Decentralised Biogas Model Could Unlock Biomethane for Small Farms Without Requiring Large Capital
🇪🇸 Spain / Global | Bioenergy Insight
Researchers from the Technical University of Madrid have proposed a new business model for biomethane production that pools resources across multiple small livestock farms producing biogas at each site but centralising upgrading infrastructure to achieve the scale needed to make grid injection commercially viable. Published in the journal Sustainable Development, the model addresses one of the most persistent structural barriers in agricultural biogas: the fact that most farms are too small to justify individual upgrading systems, but collectively represent a significant and largely untapped feedstock base.
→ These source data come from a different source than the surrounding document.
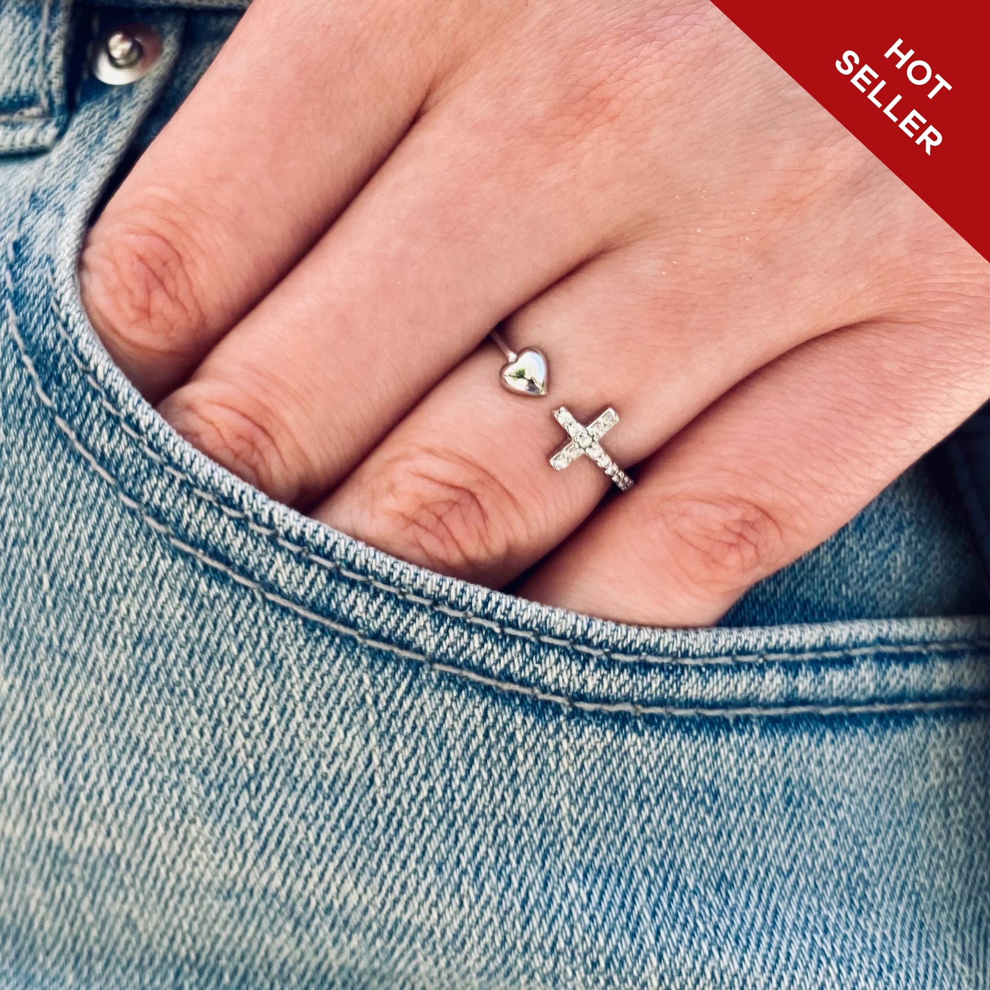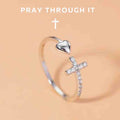 Pray Through It Cross & Heart Adjustable Ring
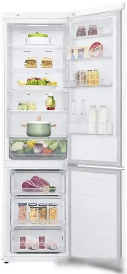 Холодильник LG GA-B509SQKL — это вместительный и надежный агрегат, предназначенный для хранения продуктов. Он выполнен в белом цвете и занимает немного места благодаря компактным размерам: шириной 59,5 см, глубиной 68,2 см и высотой 203 см. Оснащен одним компрессором и системой No Frost, которая избавляет от необходимости разморозки. Основная камера объемом 292 л и морозильная на 127 л позволяют удобно разместить продукты всей семьи. Управление осуществляется через внешний светодиодный дисплей, имеется режим "ECO" для энергосбережения и блокировка от детей. В холодильнике есть ящик для овощей и фруктов с возможностью регулировки влажности, а также специальная полка для вина. Технология DoorCooling+ обеспечивает охлаждение на 32% быстрее, что помогает сохранять свежесть продуктов дольше. Инверторный компрессор и класс энергоэффективности A+ обеспечивают низкий расход электроэнергии и тихую работу — всего 36 дБ. Также есть суперохлаждение и суперзаморозка для быстрого охлаждения продуктов. Этот холодильник отлично подходит для тех, кто ценит качество, надежность и современные функции.
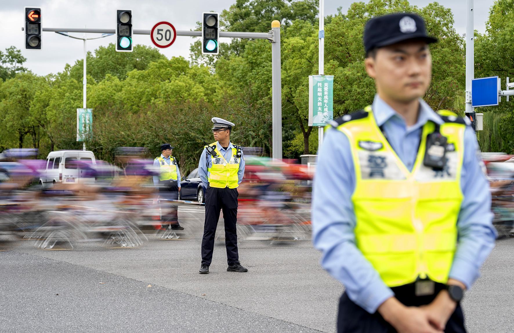 10月16日,上海市公安局崇明分局交管支隊民輔警在2025環(huán)崇明島國際自盟女子公路世界巡回賽賽道沿線開展執(zhí)勤工作。
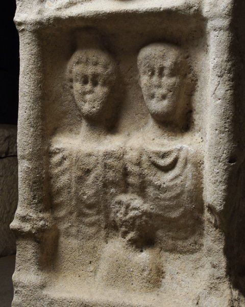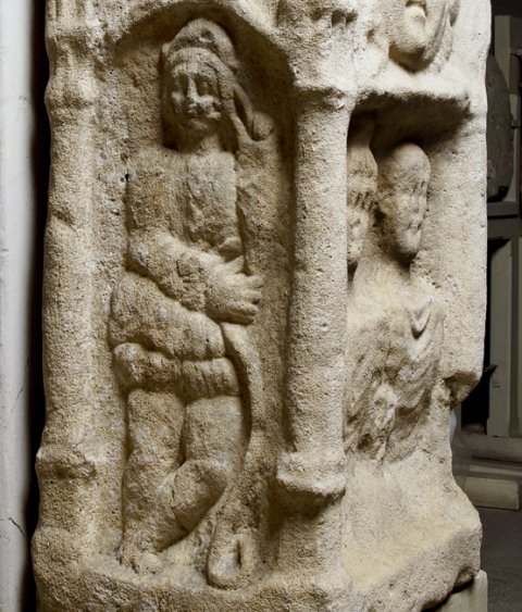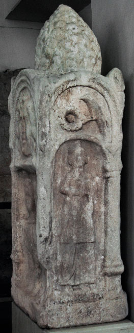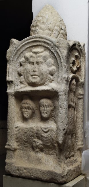 - The three faces of the monument are aedicula-shaped niches, with semi-circular pediments above, flanked by acroteria. The pediment of the main face is decorated with head of Medusa (Gorgoneion), below three busts : a woman on the left, a man on the right, in front of them a child (Familie, Ehepaar mit Kind). The left lateral face shows two dolphins in the pediment and Attis inside the niche. The right lateral face shows a rosette and a pigeion in the pediment and a standing female figure inside the niche. The top of the monument is decorated with a pine-cone (Pinienzapfen).

A shared upgrading model doesn’t require every farmer to build a full biomethane system. It requires enough farmers to contribute feedstock to one.
Expansion & Trends
Scotland’s £10 Billion Biomethane Opportunity: 2.5% Utilisation, 19 TWh Potential, and a Sector Calling for a National Target
🏴 Scotland | Energy Digital
A report by the Green Gas Taskforce, supported by SGN and launched at the Royal Highland Show, estimates Scotland could unlock £10 billion in economic value and 8,000 jobs by scaling biomethane production to 19 TWh by 2050, equivalent to roughly half the country’s current gas demand. The number that stays with you is not the upside. It’s this: currently, just 2.5% of Scotland’s organic farm waste is being used to produce biomethane. The resource is there. The technology is proven. The economic case is documented. The gap between what Scotland has and what it’s using is a policy gap, and the taskforce is calling directly on government to fill it with a national biomethane target and the investment framework to match.